Further, each sintered body was machined to a size of 6 inches in diameter and 5 mm in thickness to produce a target. The target was used by bonding to a copper backing plate with a metal bond.
In addition, a part of the target sintered body was dissolved in an acid or alkali to prepare an aqueous solution, and the composition of the sintered body was analyzed using an ICP apparatus. It has been confirmed that the compositions are almost the same.

[Examples 17 to 31]
Next, this target was attached to a magnetron sputtering apparatus, and a TiO ₂ film was formed. The conditions were as follows: input power: DC 1 kW, back pressure: 1 × 10 ⁻⁵ Torr, and sputtering pressure: 2 × 10 ⁻³ Torr. As the sputtering gas, argon or a mixed gas of argon and oxygen was used. Soda lime glass was used for the substrate. The substrate was not specifically heated. The film thickness was set to be about 100 nm. The discharge during sputtering was extremely stable, and a stable film could be formed by DC sputtering. After the film formation, the film thickness was measured using a stylus type film thickness measuring device. Further, the refractive index of the film was measured with an ellipsometer. Table 4 shows the film formation rate and the refractive index of the film. In addition, all of the obtained films were transparent and did not absorb light.
As is clear from the results in Tables 3 and 4, a transparent TiO ₂ film having a high refractive index could be formed at a high speed by using the target of the present invention.

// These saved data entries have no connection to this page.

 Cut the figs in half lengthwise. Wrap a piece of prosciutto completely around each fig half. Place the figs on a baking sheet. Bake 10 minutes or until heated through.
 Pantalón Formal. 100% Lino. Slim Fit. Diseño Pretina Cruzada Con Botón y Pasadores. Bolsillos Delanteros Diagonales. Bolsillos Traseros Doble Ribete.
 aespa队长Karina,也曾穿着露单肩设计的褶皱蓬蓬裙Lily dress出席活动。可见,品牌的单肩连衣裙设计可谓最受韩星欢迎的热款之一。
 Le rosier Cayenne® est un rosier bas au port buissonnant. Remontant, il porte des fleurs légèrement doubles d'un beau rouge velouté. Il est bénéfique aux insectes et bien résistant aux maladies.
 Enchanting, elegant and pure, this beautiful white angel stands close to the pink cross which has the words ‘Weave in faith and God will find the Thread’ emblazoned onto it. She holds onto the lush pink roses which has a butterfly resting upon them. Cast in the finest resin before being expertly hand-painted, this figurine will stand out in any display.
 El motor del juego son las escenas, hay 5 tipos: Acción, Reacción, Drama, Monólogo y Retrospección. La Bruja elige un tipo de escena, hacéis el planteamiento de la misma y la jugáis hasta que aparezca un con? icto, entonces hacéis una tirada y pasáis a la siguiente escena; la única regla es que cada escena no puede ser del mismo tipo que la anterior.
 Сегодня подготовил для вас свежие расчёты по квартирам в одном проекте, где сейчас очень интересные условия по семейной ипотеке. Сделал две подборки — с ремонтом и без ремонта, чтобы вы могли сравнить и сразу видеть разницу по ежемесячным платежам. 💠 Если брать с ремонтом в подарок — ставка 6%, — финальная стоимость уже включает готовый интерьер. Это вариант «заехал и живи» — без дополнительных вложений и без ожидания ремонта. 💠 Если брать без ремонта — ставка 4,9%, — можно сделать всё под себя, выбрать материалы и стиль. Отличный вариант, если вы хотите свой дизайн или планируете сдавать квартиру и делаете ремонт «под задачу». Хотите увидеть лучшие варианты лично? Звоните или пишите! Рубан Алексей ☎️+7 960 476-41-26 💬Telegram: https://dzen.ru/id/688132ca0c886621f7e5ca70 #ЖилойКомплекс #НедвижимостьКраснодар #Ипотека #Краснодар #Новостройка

The present invention relates to a target material used for forming a transparent oxide thin film having a high refractive index by a sputtering method, a method for manufacturing the same, and a method for forming a high refractive index film using the target material.

Claims (7)

A method for producing an oxide sintered body whose main component is TiO _x (1 <X <2), characterized in that titanium dioxide powder is hot-pressed in a non-oxidizing atmosphere and sintered. Production method. In the oxide sintered compact sputtering target whose main component is TiO _X , the resistivity at room temperature is 10 Ωcm or less, X is in the range of 1 <X <2, and the oxygen content is 35% by weight or more. An oxide sintered compact sputtering target, characterized in that: 3. The oxide sintered compact sputtering target according to claim 2, wherein the sputtering target contains less than 50% by weight of a metal oxide other than TiO _X. 4. The oxide firing method according to claim 3, wherein the metal oxide is at least one oxide selected from the group consisting of chromium, cerium, zirconium, yttrium, niobium, tantalum, silicon, aluminum, and boron. Solidified sputtering target. In a method for forming a high refractive index film by a sputtering method using an oxide sintered compact sputtering target whose main component is TiO _x (1 <X <2), the target has a specific resistance value of 10 Ωcm or less at room temperature. Wherein the oxygen content is 35% by weight or more. 6. The method according to claim 5, wherein the target contains less than 50% by weight of a metal oxide other than TiO _X. The high refractive index according to claim 6, wherein the metal oxide is at least one oxide selected from the group consisting of chromium, cerium, zirconium, yttrium, niobium, tantalum, silicon, aluminum, and boron. Method of forming a film.